That's Eric Idle as Berthold, the world's fastest man, from the first scene I ever saw of The Adventures of Baron Munchausen. I saw that the scene soon before the film's barely-there U.S. release in spring 1989. Director/co-writer Terry Gilliam brought that clip to Late Night with David Letterman (telling the anecdote about the 1970s BBC executive who thought a severed leg in one Monty Python sketch was a giant penis), and I went from very interested in that film to very, very interested in that film.

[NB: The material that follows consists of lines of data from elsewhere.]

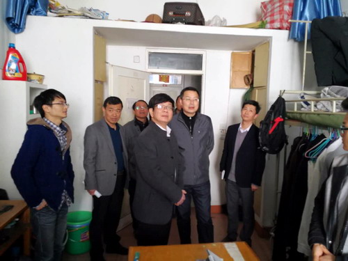 检查过程中,王万山副校长详细查看了宿舍楼整体卫生情况和各处卫生死角。对环境整洁的宿舍提出了表扬,对发现的问题及时指出,并要求有关学院立即整改。在检查的同时,王副校长与同学们亲切交谈,勉励他们养成及时清扫,保持宿舍整洁的好习惯。
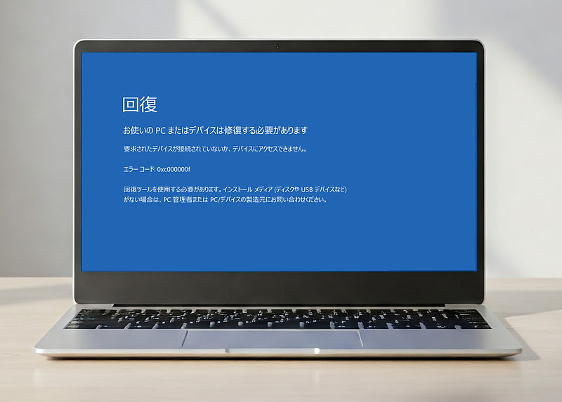 青い画面で、「回復 お使いのPCまたはデバイスは修復する必要があります」と表示がる場合、着目点はその下に表示してある「エラーコード」です。例えば、エラーコード:0xc0000001 や 0x000000f などの表記があれば前述と同様にそのエラーコードをもとにネットで調べたり、メーカーや修理業者にそのコードを示して問い合わせます。
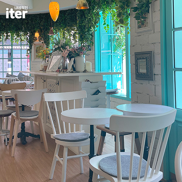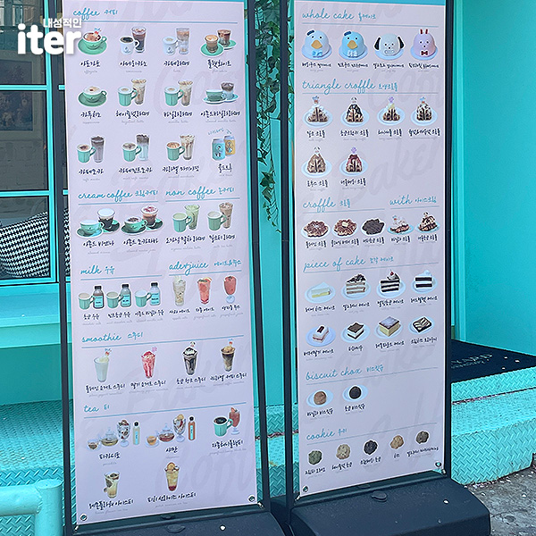 민트 색감이 너무나 귀여운데 메뉴 종류도 많은 카페!
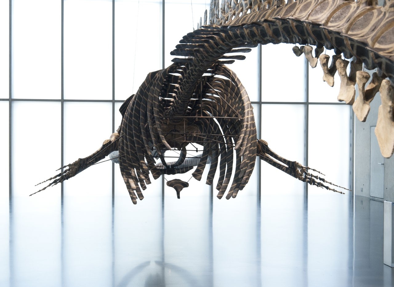 Following this process lasting three months, Orozco had the Dark Wave skeleton completely covered with dynamic graphite drawings. The skeleton, suspended by steel cables, is reminiscent of an enormous mobile and offers visitors to the Kunsthaus the unique opportunity to encounter an enormous giant of the ocean at eye level. In this work, Gabriel Orozco has demonstrated the elementary power of nature, whilst also referencing ancient myths and biblical narratives.
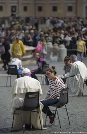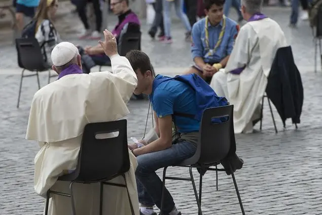 A sorpresa c'era anche lui, il Papa. Tra le 11,30 e le 12,45, Francesco ha confessato 16 giovani in una Piazza San Pietro diventata luogo di riconciliazione e di perdono. Il Giubileo dei ragazzi s'è arricchito di un fuori programma che ha emozionato a commosso. Jorge Mario Beroglio ha cominciato la giornata in cui si festeggia il suo onomastico (lo spagnolo Jorge si traduce infatti con Giorgio) scrivendo un Tweet («Cari ragazzi e ragazze i vostri nomi sono scritti nel cielo, nel cuore misericordioso del Padre. Siate coraggiosi, controcorrente!») e poi unendosi ad altri sacerdoti, almeno 150 in tutto, che hanno trasformnato il cuore cristiano di Roma e del mondo in un confessionale a cielo aperto.
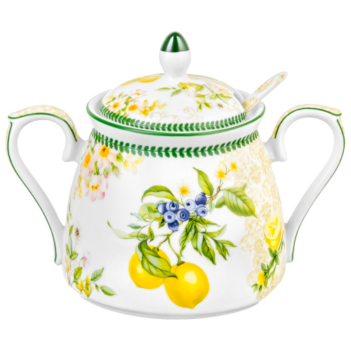 БЫЛО 796 руб!! Сахарница 400 мл 15*10*11,5 см "Лимоны" + ложка NEW BONE CHINA
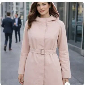 Authentic Burberry women’s hooded coat in a beautiful light blush pink. This elegant, tailored piece features Burberry’s iconic check lining, a flattering belted waist, and a clean minimalist silhouette with a concealed front closure. Crafted from 100% cotton, this coat is lightweight yet structured—perfect for transitional seasons like spring and fall. The attached hood and mid-thigh length add versatility for everyday wear, travel, or office use.

Luckily I was able to see it. Columbia Pictures had planned to open it in 200 North American theaters initially and expand from there, but didn't even manage more than 130 theaters at the "peak" of the run. (When I interviewed the film's composer, Michael Kamen, in 1996, and talked about how limited the release was, he said, "That's okay, we know who saw it. We know who they are! We've got a little list.") It showed on only three screens in the entire Washington, D.C. area: one in D.C., one in suburban Maryland, and one in Northern Virginia -- conveniently, the multiplex I most often went to, the 12-screen (now closed, it turns out) in Merrifield.
Mom took me to see it -- I needed the ride, being a year away from having a driver's license -- and it's a film I "got" immediately, as opposed to Gilliam's previous work Brazil, which percolated in my head for years as I puzzled over it, kept revisiting it, and kept re-reading Jack Mathews's' The Battle of Brazil. I've lost track of how many times I've seen it since, though I can say I've seen it twice on a movie theater screen, the way it's best experienced. But I definitely have the extras-filled DVD to fulfill the occasional need to see it, in part or in full, again, in all its manic, overstuffed, lush and often LOUD glory.